President pro tempore of the Vermont Senate
- In office 1872–1874
- Preceded by: Charles H. Heath
- Succeeded by: Redfield Proctor

Member of the Vermont Senate from Orange County
- In office 1872–1874 Serving with William R. Shedd
- Preceded by: Heman A. White Harry H. Niles
- Succeeded by: John W. Rowell William T. George

Member of the Vermont House of Representatives from Chelsea
- In office 1878–1882
- Preceded by: Burnham Martin
- Succeeded by: Joseph P. Tracy
- In office 1868–1870
- Preceded by: Carlos Moore
- Succeeded by: William Hebard
- In office 1862–1864
- Preceded by: William F. Dickinson
- Succeeded by: William Hebard

Personal details
- Born: April 13, 1832 Post Mills, Vermont, U.S.
- Died: December 26, 1887 (aged 55) Boston, Massachusetts U.S.
- Resting place: Highland Cemetery, Chelsea, Vermont
- Party: Republican
- Spouse: Mary Sybil Henry (m. 1861-1874, her death)
- Relations: William Wirt Henry (brother-in-law) George Albert Clough (brother-in-law)
- Children: 1
- Education: Dartmouth College (BA)
- Profession: Attorney Public official

Military service
- Allegiance: United States (Union)
- Service: Vermont Militia
- Years of service: 1865–1866
- Rank: First Lieutenant
- Unit: 2nd Brigade, 1st Division
- Wars: American Civil War

= Lyman G. Hinckley =

Lieutenant Governor of Vermont

Lyman Gillett Hinckley (April 13, 1832 - November 26, 1887) was a lawyer and politician who served as the 30th lieutenant governor of Vermont from 1874 to 1876.

==Early life==
Lyman Gillett Hinckley was born in the Post Mills area of Thetford, Vermont on April 13, 1832, a son of Lyman Hinckley and Phebe (Gillett) Hinckley. His father was a noted anti-slavery activist and served in local offices including assistant judge of the Orange County court.
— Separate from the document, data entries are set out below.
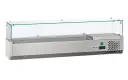 Opzetvitrine met statische koeling, voor garnituren, geschikt voor GN-Bakken 6 x 1/4 GN. De vitrine is voorzien van een elektronische besturing. De modellen zijn voorzien van een condensverdamper en een glazenopbouw als hoestruit. Inclusief verbindingsstukken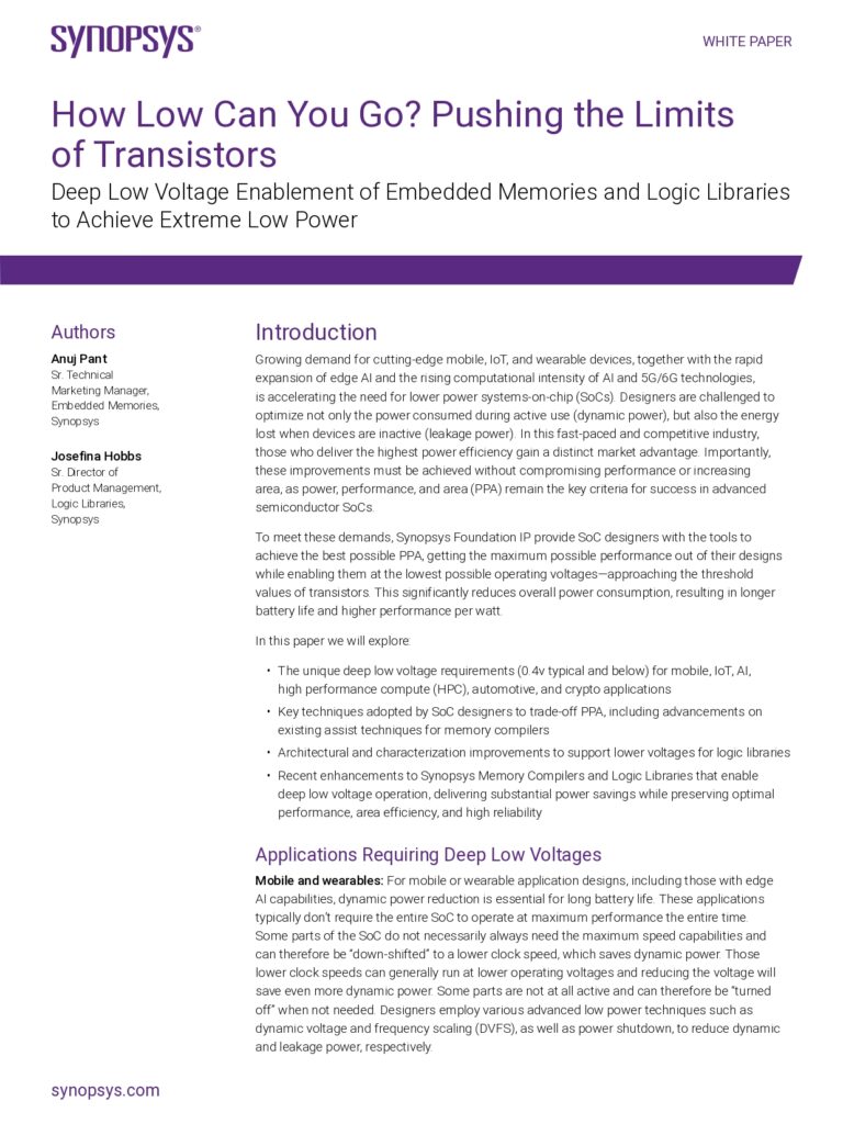 The accelerating growth of mobile devices, IoT products, wearables, and AI‑driven systems is increasing demand for chips that deliver high performance with far lower power consumption. One of the most effective techniques for reducing active and standby power in modern systems‑on‑chip (SoCs) is lowering transistor operating voltage. Synopsys Foundation IP enables this by helping designers achieve strong power, performance, and area (PPA) efficiency at extremely low voltages, resulting in longer battery life and improved energy efficiency.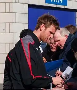 ![]() Davenport signing autographs while on loan to Sunderland in 2009 | |||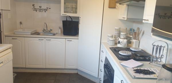 The open plan kitchen has granite tops, a gas stove, plenty of cupboards and space for appliances.

Hinckley attended the schools of Thetford and graduated from Thetford Academy in 1851. In 1852, he began attendance at Dartmouth College while teaching school and selling books and newspaper subscriptions door-to-door to pay his tuition. He graduated in 1856, and moved to Chelsea. Hinckley studied law with William Hebard and Burnham Martin and was admitted to the bar in 1860. Hinckley did not actively practice law, preferring instead to concentrate on his duties as county clerk.

==Political career==
A Republican, from 1856 to 1859 he was Assistant Clerk of the Vermont House of Representatives, and he was Clerk of Orange County, Vermont from 1860 until his death. Hinckley served as a Town of Chelsea Justice of the Peace and Town Meeting Moderator, also serving in the Vermont House of Representatives from 1862 to 1864 and 1868 to 1870. After the October 1864 St. Albans Raid, the northernmost action of the American Civil War, Vermont created a militia division to aid in border security. Hinckley joined the 2nd Brigade as judge advocate with the rank of first lieutenant, and he served from April 1865 until the militia was discharged in 1866.

From 1872 to 1874 he served in the Vermont Senate and was chosen to serve as President pro tem. He was then elected Lieutenant Governor and served one term, 1874 to 1876. In 1878 and 1880 he returned to the Vermont House of Representatives.

==Death and burial==
Hinckley died suddenly on November 26, 1887 while in Boston to visit his sisters for Thanksgiving. He was buried at Highland Cemetery in Chelsea.

==Family==
In 1861, Hinckley married Mary Sybil Henry of Waterbury, Vermont, the sister of William Wirt Henry. They had a daughter, Hattie, who died in 1872 at age eight. Mary Hinckley died in 1874, and Lyman Hinckley never remarried.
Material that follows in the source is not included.